Let $k_n$ be the number of
$n$-photon quenched skeletons. Quenched Wick contractions generate
$s_n=(2n-1)!!=(2n)!/2^n n!$ fermion-propagator diagrams
with $n$ loops. We form the generator $s(a)\equiv1+\sum_{n>0}s_n a^n$,
as a formal power series in the coupling $a$.
Then fermion self-energy diagrams
are generated by $1-1/s(a)$. Let $g_n$ be the number of
$n$-loop quenched vertex diagrams, generated by
$g(a)\equiv1+\sum_{n>0}g_n a^n$. Dyson equation~(\ref{DS1}) requires that
$1-1/s(a)=a g(a)s(a)$, which yields
the integer sequence
\begin{equation}
1,\,6,\,50,\,518,\,6354,\,89782,\,1435330,\,25625910,\,505785122,\,
10944711398\ldots
\label{gn}
\end{equation}
for $g_n$, revealing an error in the seventh and final entry of
sequence {\tt A005416} of Neil Sloane's on-line encyclopedia,
{\tt http://www.research.att.com/$\,\widetilde{}\,$njas/sequences}.
Then Dyson equation~(\ref{DS2}) shows that photon self-energy diagrams are
generated by $s(a)-1$. Finally, Dyson equation~(\ref{DS3}) requires that
\begin{equation}
g(a)=1+g(a)\sum_{n>0} k_n\left[a g^2(a)s^2(a)\right]^n
=\frac{s(a)-1}{as^2(a)}
\label{skn}
\end{equation}
Solving for $k_n$, we obtain the novel (and rather alarming) sequence
\begin{equation}
1,\,1,\,7,\,63,\,729,\,10113,\,161935,\,2923135,\,58547761,\,
1286468225\ldots
\label{kn}
\end{equation}

Our methods involve the zero-momentum-transfer vertex
\begin{equation}
\Gamma_0^\mu(p)\equiv\Gamma^\mu(p,p)
=\frac{\partial S^{-1}(p)}{\partial p_\mu}
\label{Ward}
\end{equation}
Hence we do not need to distinguish kernel terms related by
charge conjugation.
With 3 photons, one of the $7=1+2\times3$ skeletons is self-conjugate.
Thus there are $4=1+3$ essentially different 3-photon terms.
With 4 photons, 5 of the $63=5+2\times29$ skeletons are self-conjugate.
Thus there are $34=5+29$ essentially different 4-photon terms.
To identify each term, we give the Gauss code of the chord diagram
obtained by closing the fermion lines on the left and right
of the kernel. Starting from the closure on the left,
we pass through $2n$ vertices, on a circle, labelling
them by the $n$ chords that connect pairs of vertices.
The location of the closure on the right is indicated by a semicolon.
Thus the $n=1$ term is $K_1\equiv K(1;1)$, the $n=2$ term is
$K_2\equiv K(1,2;1,2)$,
and the $n=3$ terms are
$K_{3a}\equiv K(1,2,3;1,2,3)$, $K_{3b}\equiv K(1,2,3;1,3,2)$,
$K_{3c}\equiv K(1,2;3,1,2,3)$ and $K_{3d}\equiv K(1,2;3,2,1,3)$.
The 34 terms with $n=4$ photons are listed later.
The 4-loop scalar, vector and tensor vertices involve
$1+1+4+34=40$ kernel terms. First we consider the $\beta$ function,
which involves only $1+1+4=6$ kernel terms.
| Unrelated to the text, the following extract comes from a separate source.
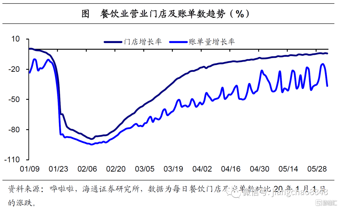 餐饮:门店基本开业,账单七到八成。服务消费特别是依赖于线下接触式的消费,在疫情期间所受冲击最为严重,随着管控措施的放松,这部分消费也呈现出复苏的态势,但进度上要落后于商品消费。以餐饮业为例,根据哗啦啦对其在线服务的全国15万家餐饮商户所做的统计,截至6月7日,餐饮门店营业率已经恢复至96%以上,但根据账单量的情况来看,仅相当于疫情前正常时期的七到八成水平。

\subsubsection*{3.\quad Four-loop $\beta$ function of quenched QED}

A subdivergence-free Dyson-Schwinger method for the $\beta$ function
was developed in~\cite{BDK}, following the lead of~\cite{JWB}.
We expand the vertex
$\Gamma^\mu=\Gamma^\mu_0+k^\alpha\Gamma^\mu_\alpha+O(k^2)$
to first order in the photon momentum $k$, with subscript $\alpha$
denoting differentiation w.r.t.\ $k^\alpha$.
Next, we doubly differentiate the $O(k^2)$ combination
$(\Gamma^\mu-\Gamma^\mu_0)G(1-KG)(\Gamma^\nu-\Gamma^\nu_0)$
and make much use of the identity~\cite{JWB}
$\Gamma^\nu_\beta=(1-KG)^{-1}(KG_\beta+K_\beta G)\Gamma^\nu$,
to prove that~\cite{BDK}
\begin{eqnarray}
\Pi^{\mu\nu}_{\alpha\beta}(k)
&=&e^2\Gamma^\mu_0\left[
\df{1}{2}G_{\alpha\beta}
+G_\alpha K G_\beta
+2G_\alpha K_\beta G
+\df12GK_{\alpha\beta}G
\right.\nonumber\\&&\left.{}
+(G_\alpha K+GK_\alpha)G(1-KG)^{-1}(KG_\beta+K_\beta G)
\right]\Gamma^\nu_0
+(\alpha\leftrightarrow\beta)
+O(k)\qquad{}
\label{beta}
\end{eqnarray}
all of whose terms are subdivergence-free.
Finally, we nullify the mass and external momentum and cut
each term next to a dressed zero-momentum-transfer vertex.
Thus we obtain the 4-loop beta function from 24 finite, scheme-independent,
dressed two-point functions, each with no more than 3 loops.
One is a no-loop, no-kernel term; 5 are products of kernel terms;
18 result from 6 kernel terms and their first and second derivatives.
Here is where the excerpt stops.